The “potentially costly” policy, which states that 2.3 per cent of the workforce in public bodies in England should be apprentices, was largely designed to help the government hit its target for 3 million new apprentices - not as a way to increase the quality of public services, according to analysis of the reforms to apprenticeship funding by IFS researchers. Their report forms part of the forthcoming IFS Green Budget 2017.
It goes on to say: “This one-size-fits-all approach to all large public sector employers in England is clearly not a sensitive way to encourage more apprenticeships or to help deliver efficient public services.” Earlier this month, apprenticeships and skills minister Robert Halfon had set a 200,000 additional apprenticeships target for the public sector, to be achieved by 2020.
Funding structure ‘poses considerable risks’
In the analysis, the IFS also warns that the way apprenticeship funding will now be structured means employers will have to pay nothing, or a maximum of 10 per cent, of the training cost of apprentices, and this poses considerable risks to the efficient use of public money.
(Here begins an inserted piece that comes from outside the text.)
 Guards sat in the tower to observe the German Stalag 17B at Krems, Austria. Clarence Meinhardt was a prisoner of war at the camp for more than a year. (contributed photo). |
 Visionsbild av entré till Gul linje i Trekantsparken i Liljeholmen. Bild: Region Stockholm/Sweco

The large expansion required to meet the government’s 3 million apprenticeships target also risks increasing quantity at the expense of quality, the researchers conclude.
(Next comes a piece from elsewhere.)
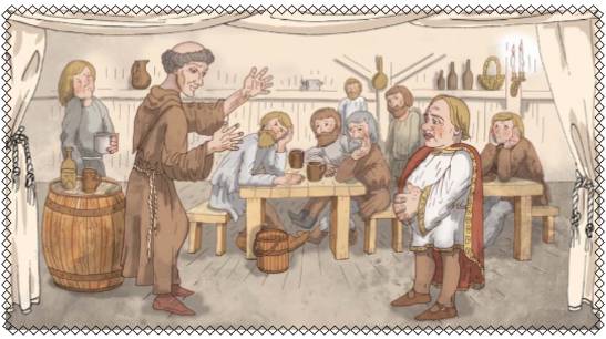 А в самом вольном городе Киль трактирщик Ральф в своем заведении на улице Дюстенброкервег тоже решил порадовать гостей, подав им жаркое из дикого кабана и ревневый кисель. На эти угощения собралась половина города, так что в трактире совсем не было свободного места. Гости расселись даже на полу. Еле втиснулись в трактир музыканты; заиграли мандолина и флейта, и всем стало весело! Поддержала праздник и лучшая портниха города, фрау Адалинда, которая жила рядом с трактирщиком Ральфом и дружила со всей его семьей. Женщина сшила маленькие флажки и развесила их по городу, так что вокруг все стало очень красиво.
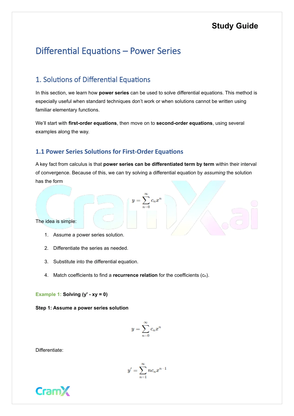 Study GuideDifferential Equations–Power Series1. Solutions of Differential EquationsIn this section, we learn howpower seriescan be used to solve differential equations. This method isespecially useful when standard techniques don’t work or when solutions cannot be written usingfamiliar elementary functions.We’ll start withfirst-order equations, then move on tosecond-order equations, using severalexamples along the way.1.1Power Series Solutions for First-Order EquationsA key fact from calculus is thatpower series can be differentiated term by termwithin their intervalof convergence. Because of this, we can try solving a differential equation byassumingthe solutionhas the formThe idea is simple:1.Assume a power series solution.2.Differentiate the series as needed.3.Substitute into the differential equation.4.Match coefficients to find arecurrence relationfor the coefficients(cn).Example 1:Solving(y'-xy = 0)Step 1: Assume a power series solutionDifferentiate:Preview Mode

The institute says that while there might be a strong case for expanding apprenticeships, the government has “failed to make it”. “There has not been the collapse in training by employers that the government claims and the returns to public investment in apprenticeships are not nearly as high as the government suggests,” it says. “There is a good case for expanding apprenticeships, but perhaps more gradually and where we can ensure high-quality provision.”
‘We need to move away from arbitrary targets’
The report concludes: “We need to move away from arbitrary targets and across-the-board 100 per cent funding to a more gradual expansion, a stronger focus on quality, and a policy designed to maximise impact rather than numbers.”
Labour’s shadow skills minister Gordon Marsden said the the IFS was confirming what Labour had consistently warned the government about over the past 12 months. “Rushing to hit a 3 million target without sorting out the quality or increasing the proportion of apprenticeships under the age of 25 means they risk failing to deliver the long-term skills strategy we need,” he added.
A spokesman for the Department for Education said: “Quality is at the heart of all of our apprenticeship reforms. We have introduced new apprenticeship standards which are developed by employers themselves and rigorously checked and taken steps to protect the term apprenticeship from misuse helping us to achieve our target of 3 million apprenticeship starts by 2020 and providing excellent value for money.”